Evidencing the Implicit Identity: Dangerous Ambiguities in Queer Asylum Law

The LGBTQ+ community has endured a complicated history of discrimination in United States courts of immigration. Under U.S. law, a refugee is legally defined as one who can "demonstrate that they were persecuted or fear persecution due to race, religion, nationality, political opinion, or membership in a particular social group." [1] "Particular social group" suggests  an intentionally ambiguous, theoretically "all-encompassing" category. While its ambiguity may be used for purposes of inclusion, one may discern that such language risks bias infiltration and foster far more exclusionary practices.
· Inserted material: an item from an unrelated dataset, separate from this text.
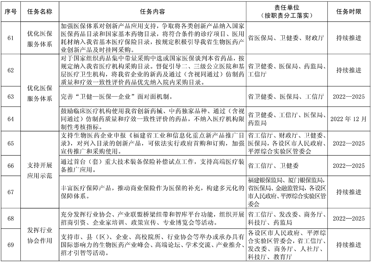 责任单位:省工信厅、卫健委、医保局、药监局、财政厅、金融监管局,福建银保监局、厦门银保监局,各设区市人民政府、平潭综合实验区管委会
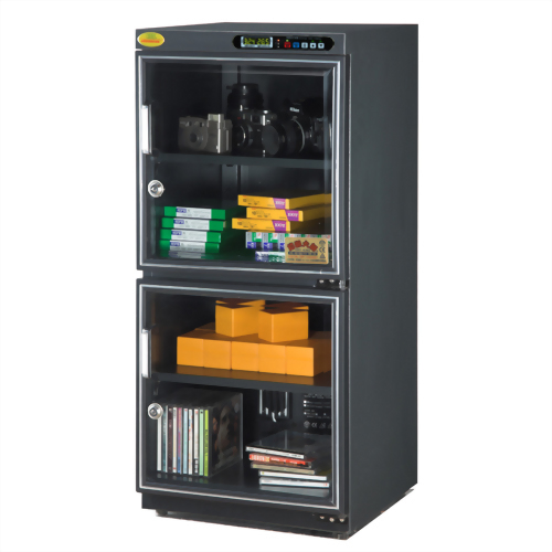 ● Standard Digital dehumidify cabinet equipped with 1mm galvanized steel housing plus 5mm thick glass panel.

The history of queer exclusion is a long one: In the 1950s, queer immigrants—denoted as "psychopathic personalities''—were specifically forbidden from becoming U.S. citizens; the 1965 Immigration Reform Act referred to homosexuality as "sexual deviation;" the ban on HIV-positive immigrants endured until 2010. [2]  But in the early 2000s, the legal paradigm began a subtle shift for the better: under the category of "particular social groups'' of those seeking asylum, U.S. immigration increasingly began to recognize those who listed their LGBTQ+ identity as potentially belonging to a persecuted group that was qualified for refugee status. However, proving one's past or future persecutory risks on account of belonging to such a broad social category—a task known as the "Nexus" dilemma—invites discretion in what can constitute proof of membership to the queer community. This dilemma is furthermore complicated by the Bureau for Immigration Appeals (BIA), which defines group membership as being based on an unambiguous, "immutable characteristic." [3] Amanfi v. Ashcroft, a 2003 case reviewed by the Third Circuit U.S. Court of Appeals, was a crucial case highlighting the uncertainty of proving sexual identity—as well as the linkage of outwardly acknowledged acts and personal identity—in asylum law. 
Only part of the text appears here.